Monday, September 29, 2008

Yes, there really is a Gnaw Bone, Indiana


One of the things Ken and I enjoy is driving around the countryside looking at all the sights and seeing what interesting things we can find. We saw this home on the way to Story Inn. It's the House at Stone Head and is now a home you can rent to enjoy the serenity of the surrounding hills and nature. There is no TV or telephone here......just the quiet of nature and beautiful gardens in the rear to enjoy. Or imagine being all cozy and tucked inside by the fireplace in the winter with a good book and enjoying the view of the the rolling hills outside covered with a light snowfall! Peaceful!
The original home was a log cabin from 1851 and was replaced with the more "modern" version seen here in 1891. In 1981 it was entered with the National Registry of Historical Places and the carved stone marker in front was awarded as a separate listing.
This stone marker is the last fully intact marker of three that were carved back in 1851 used as directional markers for the public roads in Brown County. It was chiseled out of a block of sandstone quarried from a local stream bed. It sets in its original place.

A front look at the house and there's the stone head marker right out front.
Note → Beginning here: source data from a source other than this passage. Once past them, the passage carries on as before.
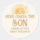Este pegatina de ducha de bebé con temática solar presenta el texto "Here Comes The Son" en una tipografía elegante con un bonito sol de color amarillo acuático sobre un suave fondo crema. Personalizable fácil. Acuarela original © Michele Davies.
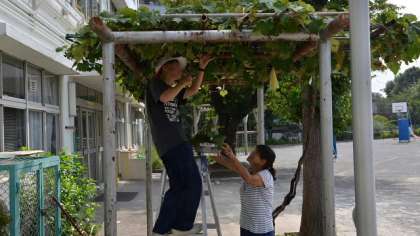 校長室前のブドウ棚、おいしいブドウがなっています。学校主事が収穫して、水泳に参加した子どもたちにわけました。
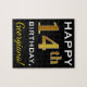 Black, Faux Gold 14th Birthday + Custom Name Jigsaw Puzzle

This is one of the Gnaw Bone flea markets. Yes, there really is a Gnaw Bone, Indiana.....population 71 people within a 1 mile radius! The town's name derives from that of the original French settlement in the area, Narbonne, named in turn for the southern French city of that name. To the ears of English settlers of that time, "Narbonne" sounded like "Gnaw Bone" and came to be know as just that!

It has been promoted as "flea capital of the world", as it is said to have one flea market for every five residents!

This is the Beanblossom covered bridge that used to connect Beanblossom, IN to Nashville, IN until it was bypassed by a new road. It was built in 1880 and because of it's location in Brown County, and thus a proximity to the famous local art colony, this structure probably has the distinction of being the subject of more covered bridge paintings than any other in Indiana.